You may find yourself needing to drink more fluids on a keto diet — sometimes much more. Dr. Kiltz often advises people to drink 2-2.5 liters of water/day during their transition into ketosis. [8

Be sure to keep close tabs on your body, too: telltale signs of dehydration include muscle cramping, headaches, constipation, and dark yellow urine. [8]

Proper Salt Intake

Equally important when hydrating is maintaining proper salt intake. To rebalance electrolytes many keto-aware doctors recommend 12 grams (2 tsp) of salt per day in the first few days of adapting to keto. 

Once your body adapts to ketosis, the recommended salt intake is 5 grams (1 tsp) daily to avoid side effects including muscle and leg cramps, fatigue,  keto constipation, and keto diarrhea. [13]

Supplemental Electrolytes

If you wish to cover all electrolyte-related bases, a dedicated electrolyte supplement could be a great choice. Look for one that contains balanced amounts of potassium and magnesium. [9]

We recommend Trace Minerals Keto Electrolyte Drops. They offer the most concentrated amounts of essential electrolytes without any fillers or additives.  

Bottle of trace mineral keto supplement

pH buffers

Keto dieters can run into problems with acidity (low pH). This was first discovered by doctors administering ketogenic diets to children suffering from epilepsy. 10

Eventually, doctors of that era found a solution, a ‘buffering’ liquid they called Polycitra K. This drink raised pH enough to bring down kidney stone occurrence by a factor of nearly. [11]  

Supplementation with plain old potassium citrate may cause a similar improvement, as may drinking plenty of water and eating high alkaline keto-friendly vegetables. Even baking soda is known for its ability to temporarily boost pH.[12]

Reduce Alcohol Consumption

Alcohol is a diuretic, meaning it can cause excess urination and make pre-existing dehydration even worse. Stay away from alcohol entirely if you’re experiencing muscle cramps or other aspects of keto flu. [13]

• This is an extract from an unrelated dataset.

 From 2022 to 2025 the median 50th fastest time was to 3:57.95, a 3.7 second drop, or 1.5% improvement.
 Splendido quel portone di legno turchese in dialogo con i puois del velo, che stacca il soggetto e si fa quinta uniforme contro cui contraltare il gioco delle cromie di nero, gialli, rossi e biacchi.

For more guidelines and tips regarding alcohol on keto click here. 

Gentle exercise

Last but not least, gentle exercise during your transition into ketosis can reduce muscle and leg cramps. The key is striking a balance between a movement practice that increases blood flow, yet not so intense as to result in lactic acid buildup. 

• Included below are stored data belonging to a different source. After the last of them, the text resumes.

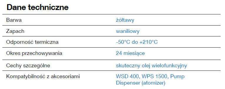 Olej wielozadaniowy WEICON W 44 T® jest produktem łączącym w sobie funkcje ochrony przed korozją, konserwację, wypieranie wilgoci, smarowanie oraz czyszczenie. Możliwość niemal nieograniczonych zastosowań preparatu zagwarantowana jest dzięki jego niezwykłym właściwościom pełznym oraz specjalnej formule. WEICON W 44 T® jest szeroko wykorzystywany w warsztatach, pracach domowych oraz w sektorach transportowym, motoryzacyjnym, rolniczym i elektrycznym.
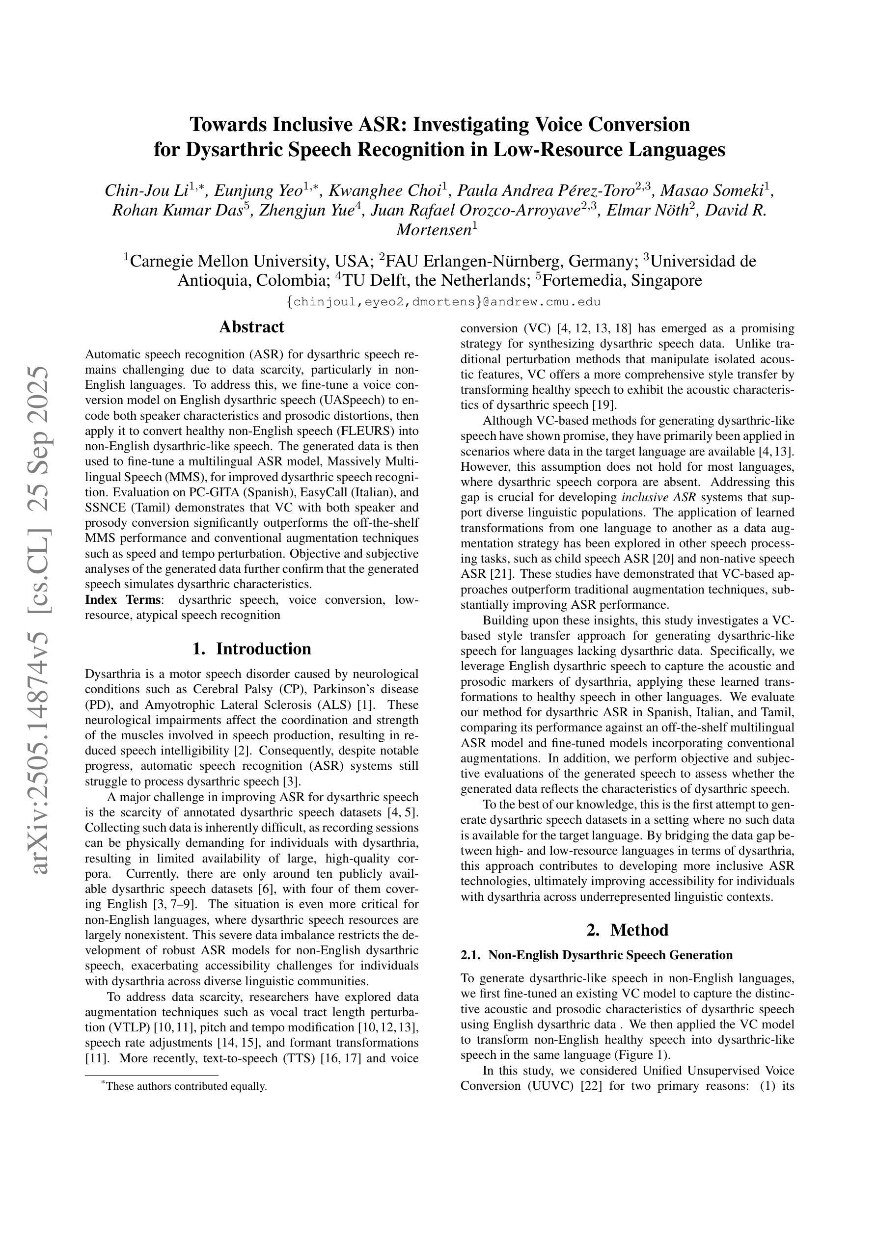- 自动语音识别(ASR)在识别发音障碍的语音时面临挑战,主要是由于数据的稀缺性,特别是在非英语环境中。
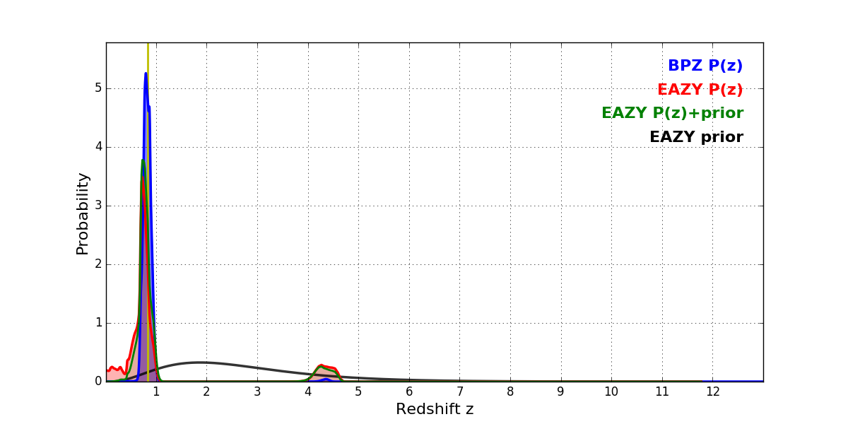 In P(z) plots: Yellow lines mark the cluster redshift z = 0.833,
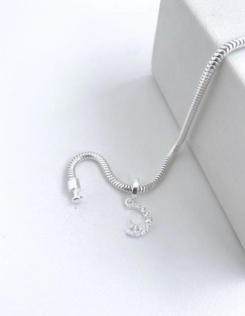 Encante-se com a delicadeza e o brilho da Lua Cravejada em Prata 925! Este berloque pingente é o acessório perfeito para adicionar um toque de charme e sofisticação à sua pulseira favorita.
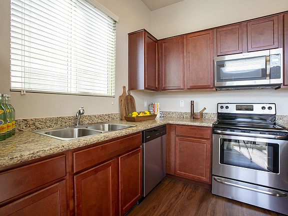 In the heart of Chandler, you will find your new home has or is near all you could need. Casitas at San Marcos offers gorgeous apartment homes with a single-family home feel. Granite countertops and stainless steel appliances will make time in the kitchen feel like a culinary delight. Private backyards, wood-style vinyl plank flooring, and available garages top off the feel of polished living. As you stroll through the community you will discover activity paths, beautifully landscaped courtyards, and a recreation area for fun. Yes, we have cornhole games and a putting green!If relaxation is your vibe, take a dip in our crystal pool or soak in the spa, no matter your mood, Casitas at San Marcos can match how you feel.
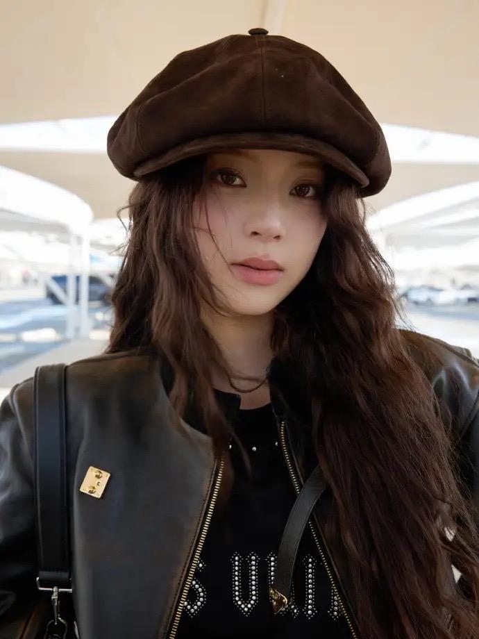 年輕的臉,即便是懟臉拍也能扛得住。蓬鬆的羊毛卷、很溫柔的棕色系,搭配一頂八角帽,顯得臉型更加小巧精緻。臉色緋紅、多了幾分少女的純美。
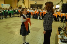 В нашей школе каждый год проходит посвящение ребят в детскую общественную организацию «Содружество». Первоклассники посвещаются в Детскую общественную организацию «Содружество» вступают на первую ступень. А вторые и четверты классы каждый год поднимаются на новую ступень своей жизни. Каждый отряд получает маршрутные листы, где должны выполнить коллективные творческие дела вместе с вожатыми и классным руководителем. За каждое выполненное дело получают лепесток. Чей отряд больше наберет лепестков, получит символ, «Самый активный отряд!» и получает талисман Белку.1 классы: фантазеры, у них желтые галстуки.2 классы: следопыты, у них зеленые галстуки.3 классы: романтики, они носят оранжевые галстуки4 классы: знатоки, у них синие галстуки. -
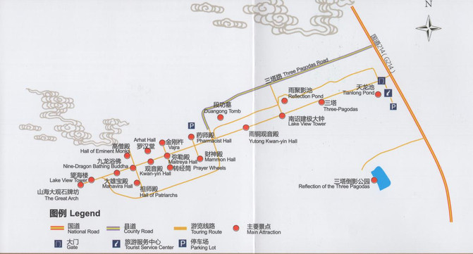 Los puntos de vista también incluyen el Gran Reloj Nanzhao Jianji y el Salón de Guanyin de Yuzhong.
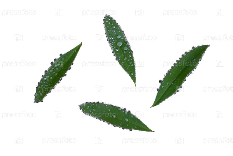 Листья люпина по отдельности, изолированы на белом фоне. Фотография после дождя, капли дождя на листьях, роса
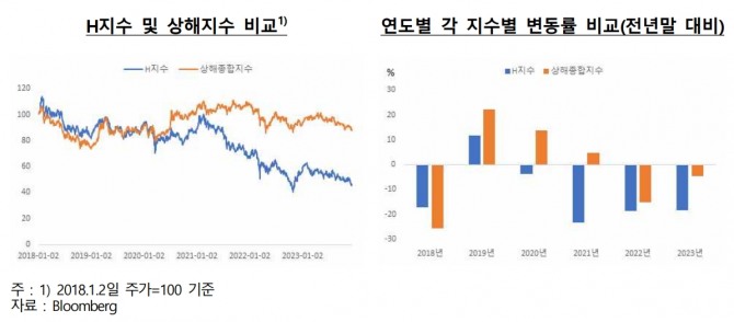 한은은 홍콩 H지수가 코로나 이전 고점 시기인 2018년 1월 26일 대비 현재(2023년 12월 11일)까지 약 59% 급락한 반면 중국 본토 상하이지수는 16% 하락에 그쳐 뚜렷한 차이를 보인다고 분석했다.
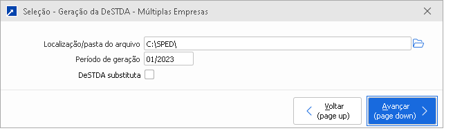 Esta janela permite gerar a Declaração de Substituição Tributária, Diferencial de Alíquotas e Antecipação (DeSTDA), exigida para contribuintes do Simples Nacional com operações interestaduais sujeitas à substituição tributária. Essa opção de geração pode ser acessada pelo menu LFI 3.9-T.
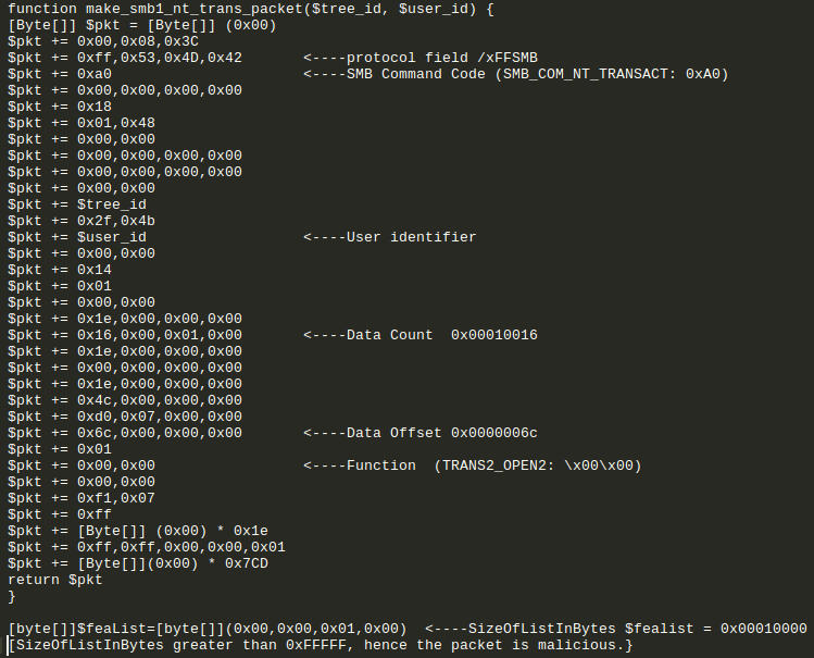 5. The function eb7($target ,$shellcode) contains a number of suspicious components that exploit the vulnerability CVE-2017-0144 which is the infamous Eternal Blue Exploit:

Keep intensity levels in check by making sure you can breathe through your mouth throughout the entirety of your workout — if you can, you’re in fat-burning mode. Stretching, walking, and yoga are all great choices. [14]

Leg and Muscle Cramps on Keto: The Takeaway

Though leg and muscle cramps on keto are relatively common,  the good news is that with a few easy to follow strategies they can be avoided and remedied. 

  1. Salt your food liberally 
  2. Drink plenty of water. Shoot for either 2-2.5 liters/day or half of your body weight in ounces, whichever is more.
  3. Consume keto foods high in magnesium and potassium. 
  4. Supplement with electrolytes, particularly the powerful muscle relaxant magnesium.